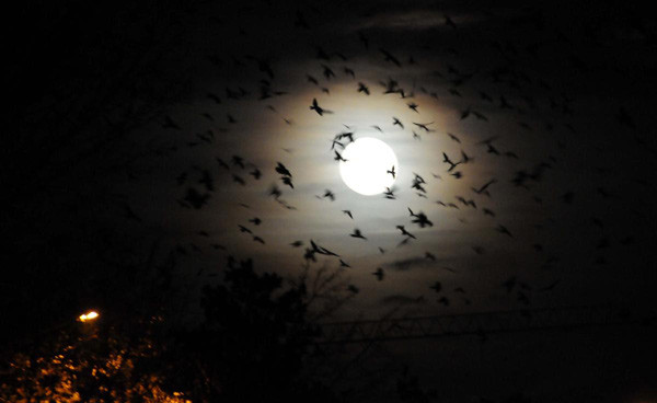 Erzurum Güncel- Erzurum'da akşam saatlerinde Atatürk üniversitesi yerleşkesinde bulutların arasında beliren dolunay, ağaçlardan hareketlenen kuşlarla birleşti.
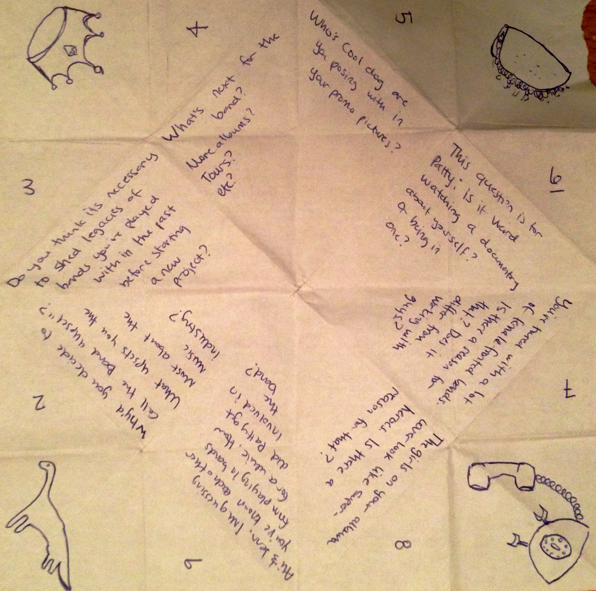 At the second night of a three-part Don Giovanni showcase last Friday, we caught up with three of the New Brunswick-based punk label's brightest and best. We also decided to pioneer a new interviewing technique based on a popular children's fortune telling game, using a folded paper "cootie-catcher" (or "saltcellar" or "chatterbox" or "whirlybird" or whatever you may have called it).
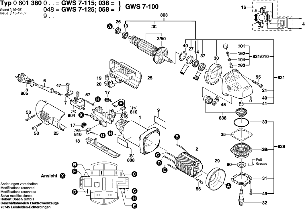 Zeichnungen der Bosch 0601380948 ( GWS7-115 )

====================

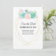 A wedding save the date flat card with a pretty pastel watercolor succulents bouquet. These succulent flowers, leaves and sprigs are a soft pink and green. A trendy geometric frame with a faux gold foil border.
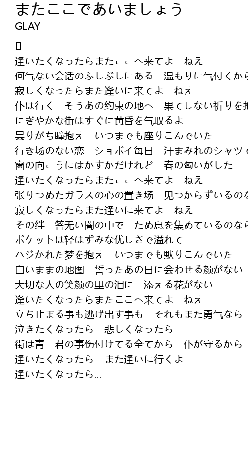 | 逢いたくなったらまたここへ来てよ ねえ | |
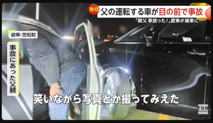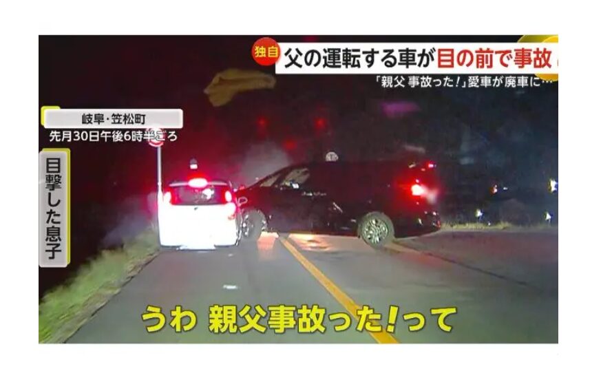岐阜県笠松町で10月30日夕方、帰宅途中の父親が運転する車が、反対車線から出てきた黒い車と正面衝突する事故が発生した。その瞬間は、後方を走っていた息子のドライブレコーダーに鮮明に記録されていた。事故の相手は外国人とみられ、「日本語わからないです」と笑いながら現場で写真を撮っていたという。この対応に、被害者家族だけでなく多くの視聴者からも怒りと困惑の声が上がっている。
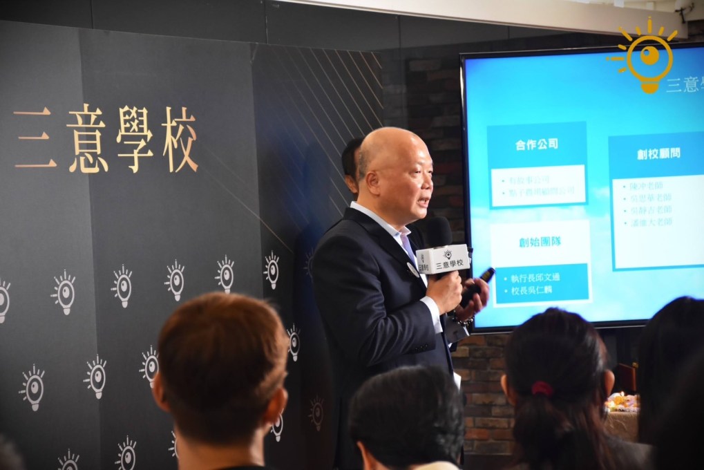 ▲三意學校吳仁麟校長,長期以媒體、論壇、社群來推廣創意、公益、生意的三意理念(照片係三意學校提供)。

====================

* **Goal of the exercise**:
From the records above, copy only the lines running from the line containing "Erzurum Güncel- Erzurum'da" to the line containing "Zeichnungen der Bosch", both ends included. Leave the pictures out.

* **Answer below**:
 Erzurum Güncel- Erzurum'da akşam saatlerinde Atatürk üniversitesi yerleşkesinde bulutların arasında beliren dolunay, ağaçlardan hareketlenen kuşlarla birleşti.
 At the second night of a three-part Don Giovanni showcase last Friday, we caught up with three of the New Brunswick-based punk label's brightest and best. We also decided to pioneer a new interviewing technique based on a popular children's fortune telling game, using a folded paper "cootie-catcher" (or "saltcellar" or "chatterbox" or "whirlybird" or whatever you may have called it).
 Zeichnungen der Bosch 0601380948 ( GWS7-115 )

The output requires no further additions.